Background information
- Born: August 22, 1971 (age 55)
- Origin: Minneapolis, Minnesota, U.S
- Genres: Post-punk revival; alternative rock; indie rock;
- Instruments: Guitar; vocals;
- Years active: 1993–present
- Labels: Vagrant; Full Time Hobby; Frenchkiss; Partisan; Thirty Tigers;

= Craig Finn =

American singer-songwriter and musician

Craig A. Finn (born August 22, 1971) is an American singer, songwriter and musician. He is best known as the frontman of the American indie rock band the Hold Steady, with whom he has recorded nine studio albums. Prior to forming the Hold Steady, Finn was the frontman of Lifter Puller.

Described by Pitchfork as "a born storyteller who's chosen rock as his medium," Finn has released six solo albums: Clear Heart Full Eyes (2012), Faith in the Future (2015), We All Want the Same Things (2017), I Need a New War (2019), A Legacy of Rentals (2022) and Always Been (2025).

In 2022, Finn began hosting his own podcast, That's How I Remember It, released through the Talkhouse Network. The podcast examines the relationship between memory and creativity through interviews with other musicians and artists. Finn began hosting a second podcast, Summer Album/Winter Album, in 2025.

==Early life==
Born in Boston, Finn grew up in Edina, Minnesota. He was raised a Catholic. Finn attended Valley View Middle School and graduated from Breck School. In 1993 he earned a bachelor's from Boston College. Before moving to New York City in 2000, Finn was a financial broker for American Express Financial Advisors in Minneapolis. After moving to New York City, Finn got a job at a live music webcasting company called Digital Club Network. After the move to New York, Finn did not play music for two years until forming the Hold Steady.

==Musical career==
===With Lifter Puller===
In Minneapolis, Finn was a member of the band Lifter Puller from 1994 to 2000. The band included Tad Kubler, who later joined Finn in the Hold Steady. The band released three albums, two compilations, an EP and a number of singles. In 2009 the material was re-issued digitally supported by a book: Lifter Puller vs. the End Of. The re-releases included live material and the compilation Slip Backwards.

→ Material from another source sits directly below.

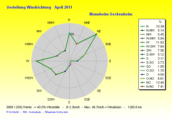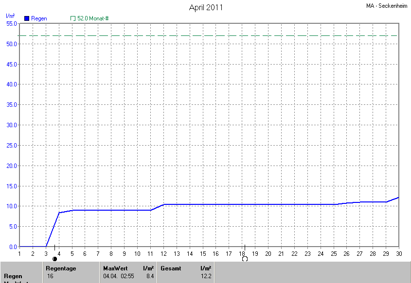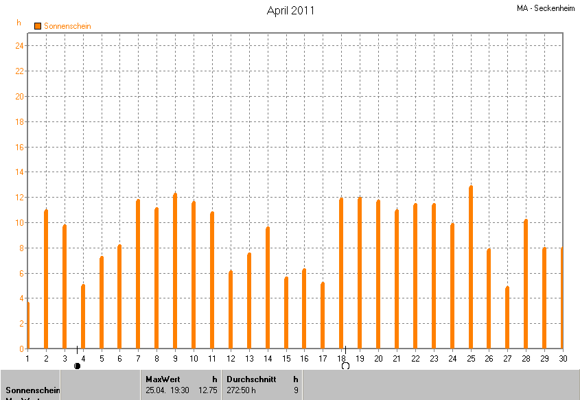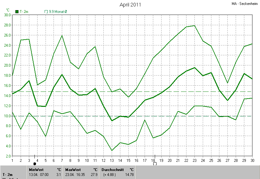Der wärmste Tag war der 23.04.2011 um 16:35 mit 27.9°C. Am kältesten war es mit 3.1°C am 13.04.2011 um 07:00.

===With the Brokerdealer===
Finn had a short stint of work with Mr. Projectile after moving to New York City in the fall of 2001. The result of was two EP's, Untitled EP 1 and Untitled EP 2

===With the Hold Steady===
Finn moved to New York City in the fall of 2001, after Lifter Puller broke up, for a change and because he and his wife knew people there. He has said that with the Hold Steady, he's been trying to produce a more positive, coherent, story-based message in a natural way that he could imagine someone saying.

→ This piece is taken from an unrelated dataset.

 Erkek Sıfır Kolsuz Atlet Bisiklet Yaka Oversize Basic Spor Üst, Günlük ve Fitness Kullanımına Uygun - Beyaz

===Work with other artists===
Craig Finn provided his voice to Titus Andronicus's second album, The Monitor. He is the voice of Walt Whitman at the very end of their song "A Pot in Which to Piss"
.

He worked with Minneapolis rapper P.O.S on the song "Safety In Speed (Heavy Metal)" which was released on the 2006 album Audition. Always close to the Twin Cities music scene, he also contributed to Minnesota musician Mark Mallman's song "You're Never Alone in New York" on the 2009 album Invincible Criminal.

In 2010 he co-wrote, with Chris Cheney, the title track from the Living End's 2011 album, The Ending Is Just The Beginning Repeating, while Cheney was in New York City. After working together, Cheney called Finn "a hell of a lyricist".

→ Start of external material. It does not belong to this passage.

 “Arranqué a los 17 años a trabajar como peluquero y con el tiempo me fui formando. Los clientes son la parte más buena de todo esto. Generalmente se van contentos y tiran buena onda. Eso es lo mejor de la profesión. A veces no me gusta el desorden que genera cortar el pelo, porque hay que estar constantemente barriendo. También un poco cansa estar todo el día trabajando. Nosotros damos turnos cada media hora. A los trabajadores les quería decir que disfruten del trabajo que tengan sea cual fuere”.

In 2011, Finn performs lead vocals for a Minnesota Twins tribute song "Don't Call Them Twinkies" on the Baseball Project's second album Volume 2: High and Inside.

In 2012, he sang backup on the title track for Joe Pug's album, The Great Despiser.

On April 8, 2014, Cheap Girls premiered the song "Man In Question" from their Famous Graves album. The track features Finn on guest vocals.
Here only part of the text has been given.